**Information given:**
========================================================================
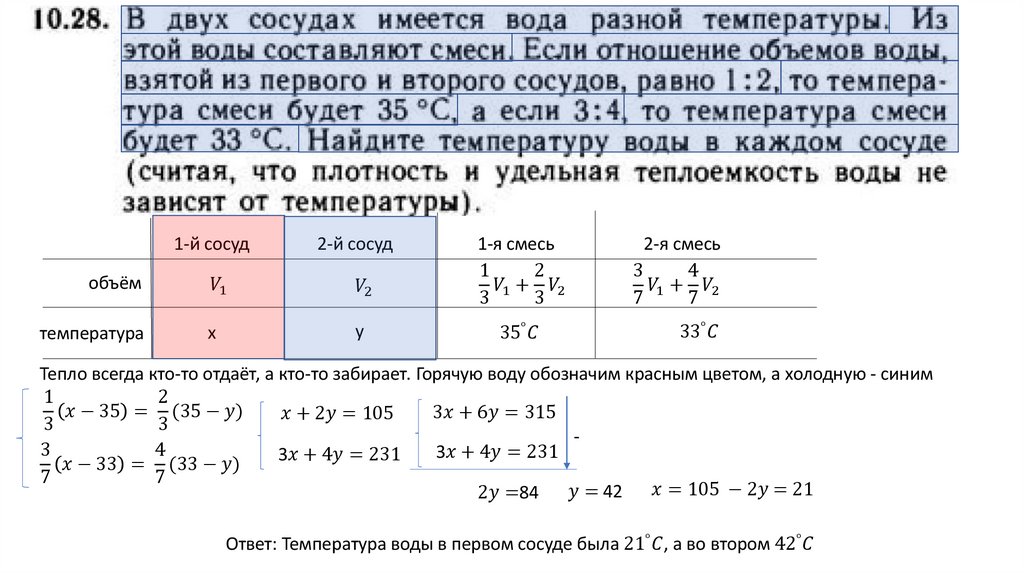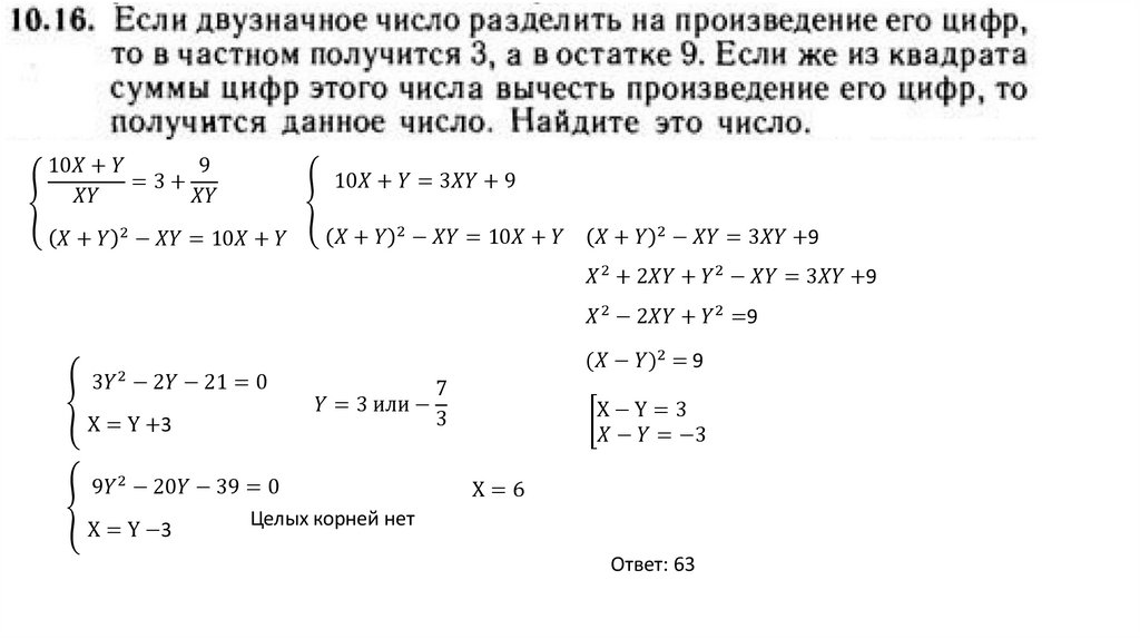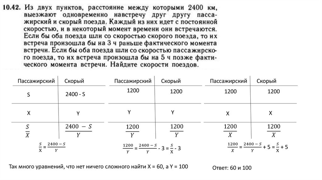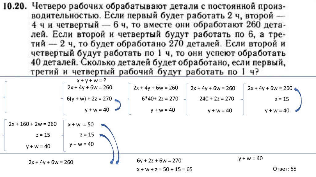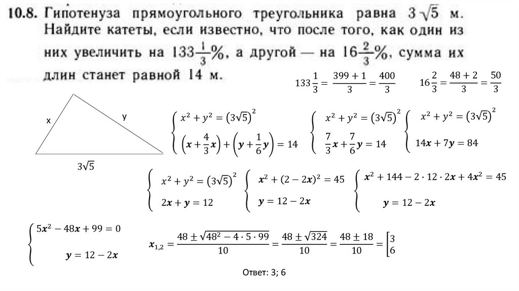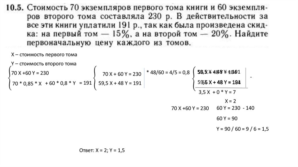 70 * 0,85 * X + 60 * 0,8 * Y = 191 59,5 X + 48 Y = 191
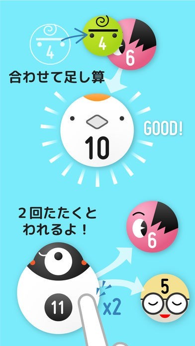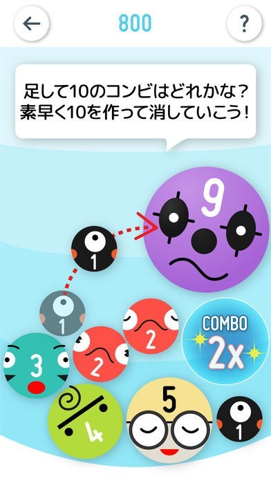 "SUM! - かわいい数字で算数遊び!"は、キャラクターにふんした数字を操作して、"10"を作るパズルゲームで、足し算や引き算の概念を、楽しく遊びながら学習できるアプリとなっています。画面上に落ちてくる数字のキャラを操作し、数を足したり引いたりする事で"10"のキャラを作っていくと言うもので、シンプルなルールながら思考力が鍛えられ、繰り返し遊ぶ事で、自然と足し算や引き算に親しむ事ができます。また、キャラを2回以上タップすれば、タップした数字が分解され、数字を分解する知識まで知らず知らず身についていきます。このようにゲーム感覚で、楽しく足し算や引き算を楽しく学習したいお子様に最適です。
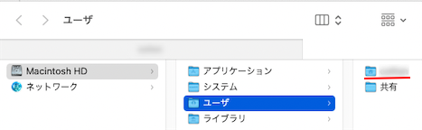 また、Finderでユーザフォルダ内の赤線部分に表示されているものになります)
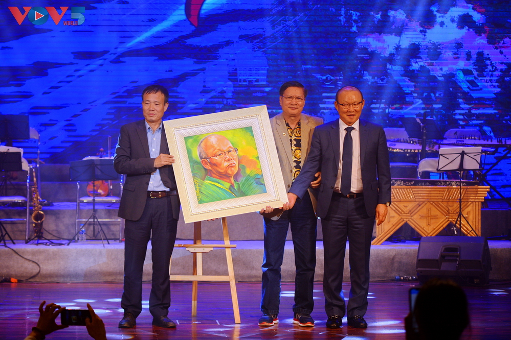 Ông Park Hang Seo chia sẻ, quá nửa số học trò trong đội tuyển quốc gia và đội U23 của ông sinh ra và lớn lên từ mảnh đất miền Trung. Chính vì vậy, ngay khi được biết về chương trình, ông rất nhiệt tình tham gia. Thông qua chương trình, ông mong muốn được trực tiếp gửi tấm lòng yêu thương của mình đến với đồng bào miền Trung, quê hương của các cầu thủ, các học trò và của rất nhiều người yêu quý ông và đội tuyển. Trên sân khấu, ông Park Hang Seo cũng thông qua VOV, trao tặng một bộ dụng cụ học tập trị giá 3.000 USD tới một trường học khó khăn ở miền Trung.
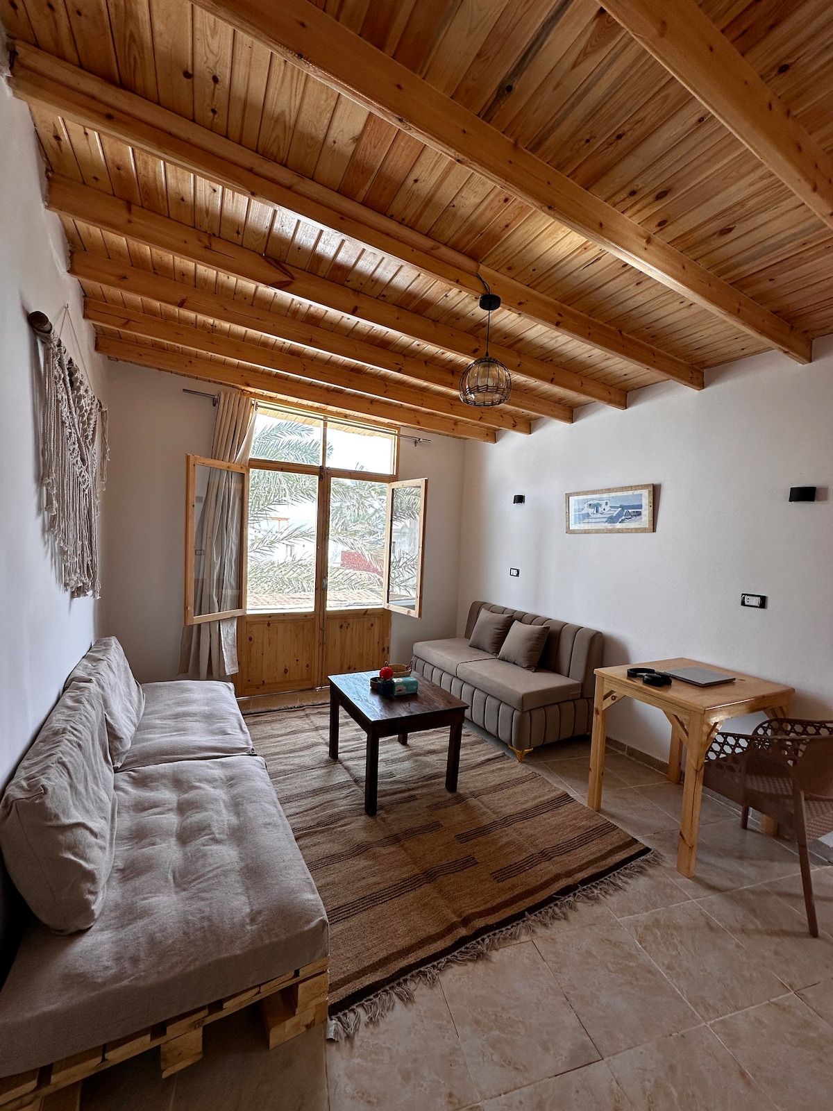 A bohemian-style chalet in Dahab, with sea view in Eel garden and just steps away from Coral Coast. It features two cozy bedrooms, an open and stylish reception area, and a lovely rooftop with stunning sea views. The interior is designed with a warm, bohemian vibe, reflecting a calm and relaxing atmosphere, with natural decor and earthy tones. It’s the perfect place to unwind and enjoy the beauty of the sea and nature
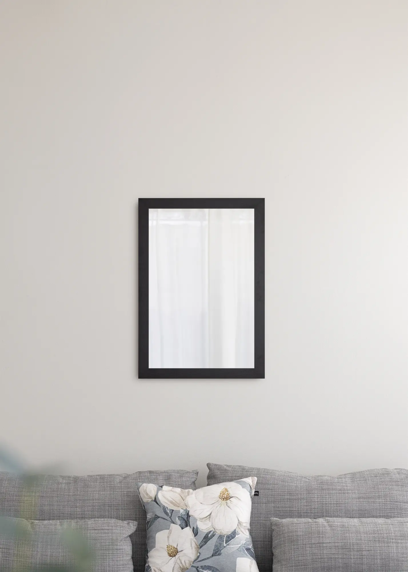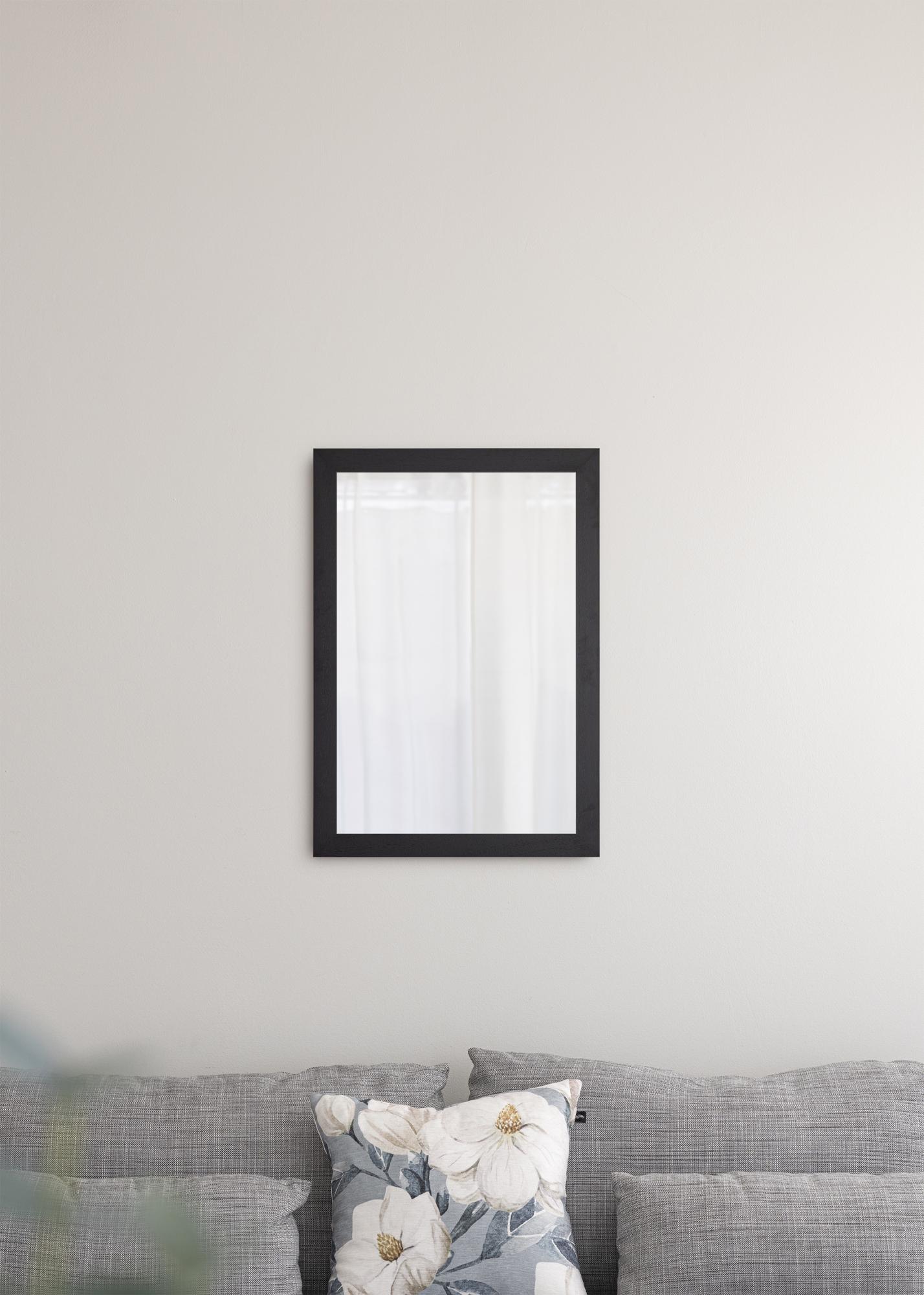 Este espelho de parede é um detalhe de decoração elegante e minimalista que se adequa perfeitamente a casas modernas e tradicionalmente decoradas. O espelho possui uma moldura de madeira pintada de preto, com 39 mm de largura, o que confere uma impressão moderna. Ao pendurar um espelho, pode fazer com que o ambiente em que ele é colocado pareça maior, ao mesmo tempo em que fica bonito na parede. Este espelho faz parte de uma série de espelhos de parede em diferentes tamanhos, sendo este de 47x67 cm.
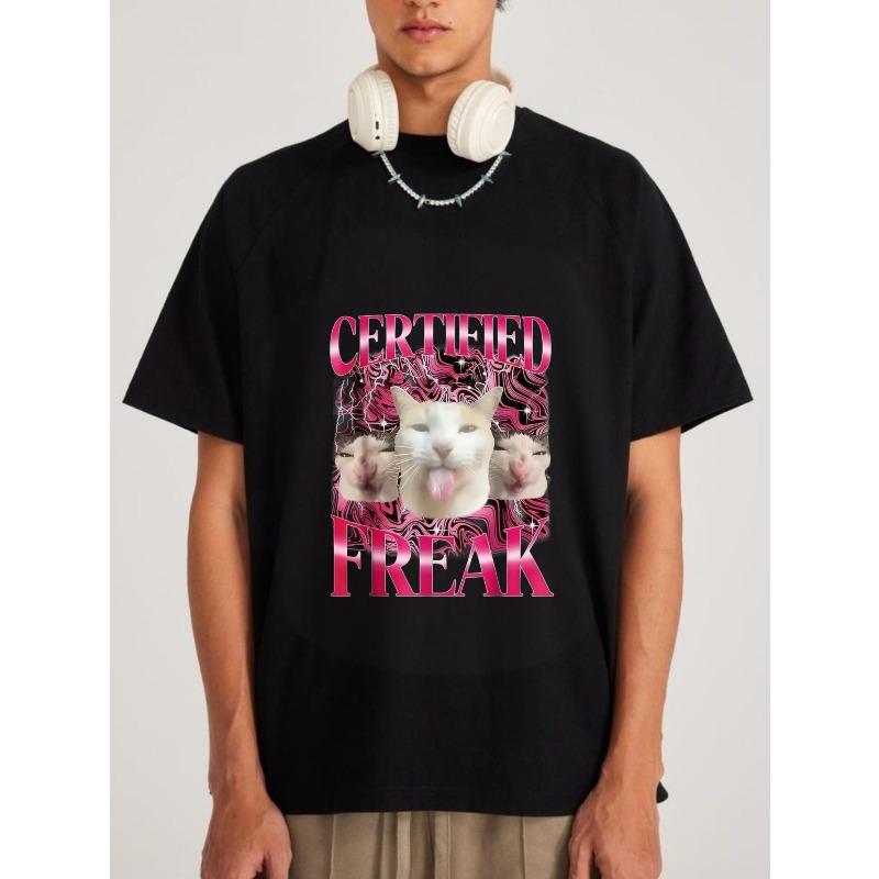 White T Shirt Certified Freak Cat Graphic Print Casual Wear for Men and Women Streetwear Fashion Statement Top
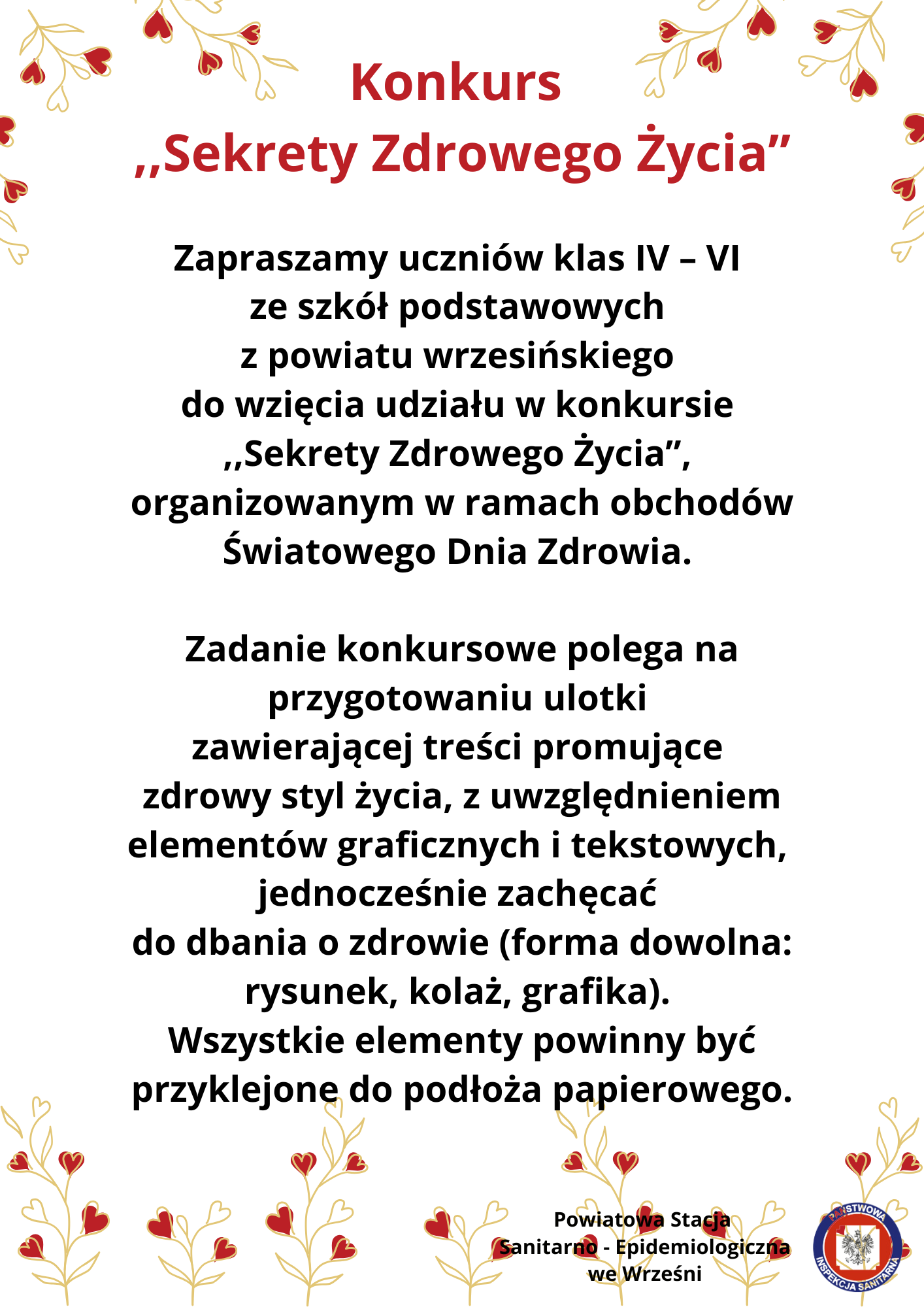 Z okazji obchodów Światowego Dnia Zdrowia serdecznie zapraszamy uczniów klas IV–VI ze Szkół Podstawowych z powiatu wrzesińskiego do wzięcia udziału w konkursie „Sekrety Zdrowego Życia”!
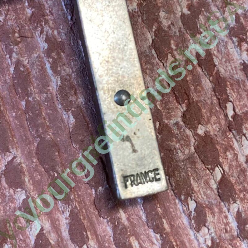 Vintage French rosary with black plastic beads. The crucifix is of ebony wood with a silver metal Christ. Marked France in 3 places. The opening of the rosary is 24" long. The front piece is 6" long and the crucifix is 1 1/2" tall. Weight is 13 grams. Has tarnish and patina, just the way that I like them.
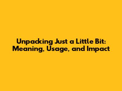 Unpacking 'Just A Little Bit': Meaning, Usage, And Impact
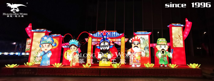 Zigong lantern show production company:Steel frame structure, silk frame modeling,some part with LED hooking,3D modeling,chromatic silk and satin seperated pastin,in magnificent and colorful appearence.
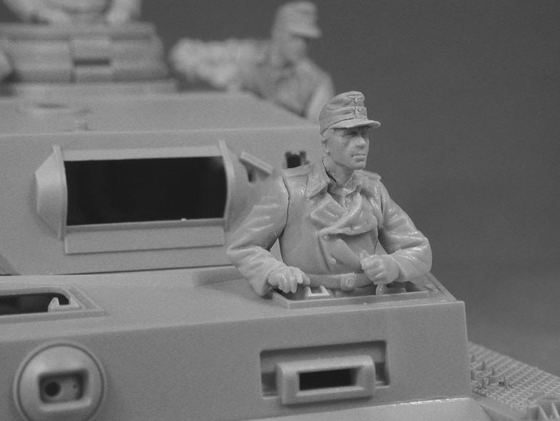 - Conjunto de figuras de tripulación de tanque alemana durante en uniforme de verano 1944, en escala 1/35.
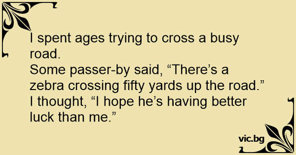 Some passer-by said, “There’s a zebra crossing fifty yards up the road.”
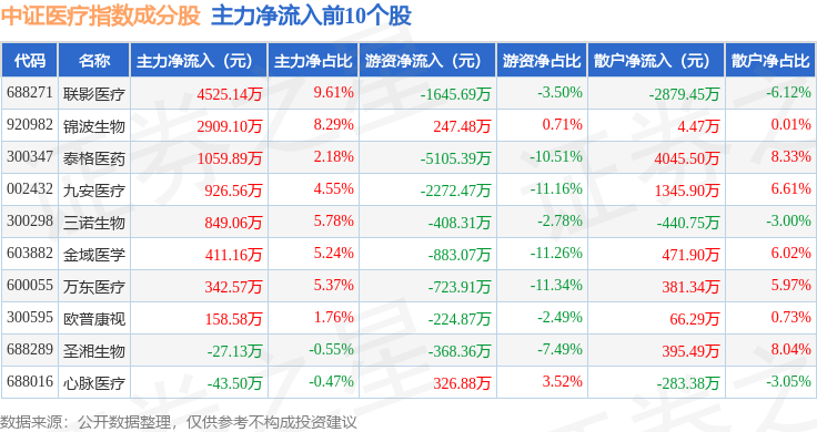 资金流向方面,中证医疗(399989)指数成份股当日主力资金净流出合计8.75亿元,游资资金净流出合计3372.07万元,散户资金净流入合计9.4亿元。成份股资金流向详情见下表:
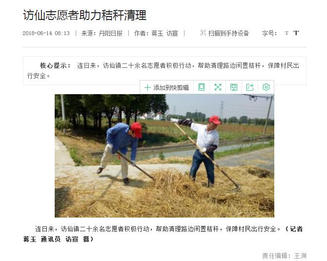 访仙志愿者助力秸秆清理
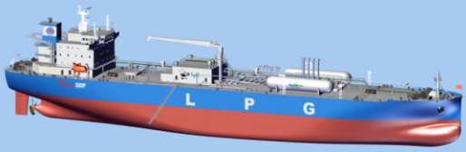 此外,該型MEC將搭載江南造船自主研發(fā)的 “BrilliancE?”B型艙,貨艙容量達到48500立方米,配備3個B型液貨艙。其設(shè)計能夠靈活裝載乙烷、乙烯、液化石油氣、氨等多種液化氣體貨品。
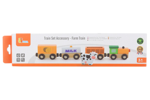Drewniana lokomotywa z 3 wagonikami i krową. Wymiary lokomotywy i wagoników ok. 7 x 4,5 x 2,5 cm, łączenie magnetyczne. Wymiary opakowania ok. 34 x 8 x 3,5 cm. Wiek 3+ przeczytaj całość
========================================================================
**Work order:** Reproduce the listing above exactly, but skip the pictures.

**Result for this task:**
 70 * 0,85 * X + 60 * 0,8 * Y = 191 59,5 X + 48 Y = 191
 "SUM! - かわいい数字で算数遊び!"は、キャラクターにふんした数字を操作して、"10"を作るパズルゲームで、足し算や引き算の概念を、楽しく遊びながら学習できるアプリとなっています。画面上に落ちてくる数字のキャラを操作し、数を足したり引いたりする事で"10"のキャラを作っていくと言うもので、シンプルなルールながら思考力が鍛えられ、繰り返し遊ぶ事で、自然と足し算や引き算に親しむ事ができます。また、キャラを2回以上タップすれば、タップした数字が分解され、数字を分解する知識まで知らず知らず身についていきます。このようにゲーム感覚で、楽しく足し算や引き算を楽しく学習したいお子様に最適です。
 また、Finderでユーザフォルダ内の赤線部分に表示されているものになります)
 Ông Park Hang Seo chia sẻ, quá nửa số học trò trong đội tuyển quốc gia và đội U23 của ông sinh ra và lớn lên từ mảnh đất miền Trung. Chính vì vậy, ngay khi được biết về chương trình, ông rất nhiệt tình tham gia. Thông qua chương trình, ông mong muốn được trực tiếp gửi tấm lòng yêu thương của mình đến với đồng bào miền Trung, quê hương của các cầu thủ, các học trò và của rất nhiều người yêu quý ông và đội tuyển. Trên sân khấu, ông Park Hang Seo cũng thông qua VOV, trao tặng một bộ dụng cụ học tập trị giá 3.000 USD tới một trường học khó khăn ở miền Trung.
 A bohemian-style chalet in Dahab, with sea view in Eel garden and just steps away from Coral Coast. It features two cozy bedrooms, an open and stylish reception area, and a lovely rooftop with stunning sea views. The interior is designed with a warm, bohemian vibe, reflecting a calm and relaxing atmosphere, with natural decor and earthy tones. It’s the perfect place to unwind and enjoy the beauty of the sea and nature
 Este espelho de parede é um detalhe de decoração elegante e minimalista que se adequa perfeitamente a casas modernas e tradicionalmente decoradas. O espelho possui uma moldura de madeira pintada de preto, com 39 mm de largura, o que confere uma impressão moderna. Ao pendurar um espelho, pode fazer com que o ambiente em que ele é colocado pareça maior, ao mesmo tempo em que fica bonito na parede. Este espelho faz parte de uma série de espelhos de parede em diferentes tamanhos, sendo este de 47x67 cm.
 White T Shirt Certified Freak Cat Graphic Print Casual Wear for Men and Women Streetwear Fashion Statement Top
 Z okazji obchodów Światowego Dnia Zdrowia serdecznie zapraszamy uczniów klas IV–VI ze Szkół Podstawowych z powiatu wrzesińskiego do wzięcia udziału w konkursie „Sekrety Zdrowego Życia”!
 Vintage French rosary with black plastic beads. The crucifix is of ebony wood with a silver metal Christ. Marked France in 3 places. The opening of the rosary is 24" long. The front piece is 6" long and the crucifix is 1 1/2" tall. Weight is 13 grams. Has tarnish and patina, just the way that I like them.
 Unpacking 'Just A Little Bit': Meaning, Usage, And Impact
 Zigong lantern show production company:Steel frame structure, silk frame modeling,some part with LED hooking,3D modeling,chromatic silk and satin seperated pastin,in magnificent and colorful appearence.
 - Conjunto de figuras de tripulación de tanque alemana durante en uniforme de verano 1944, en escala 1/35.
 Some passer-by said, “There’s a zebra crossing fifty yards up the road.”
 资金流向方面,中证医疗(399989)指数成份股当日主力资金净流出合计8.75亿元,游资资金净流出合计3372.07万元,散户资金净流入合计9.4亿元。成份股资金流向详情见下表:
 访仙志愿者助力秸秆清理
 此外,該型MEC將搭載江南造船自主研發(fā)的 “BrilliancE?”B型艙,貨艙容量達到48500立方米,配備3個B型液貨艙。其設(shè)計能夠靈活裝載乙烷、乙烯、液化石油氣、氨等多種液化氣體貨品。
Drewniana lokomotywa z 3 wagonikami i krową. Wymiary lokomotywy i wagoników ok. 7 x 4,5 x 2,5 cm, łączenie magnetyczne. Wymiary opakowania ok. 34 x 8 x 3,5 cm. Wiek 3+ przeczytaj całość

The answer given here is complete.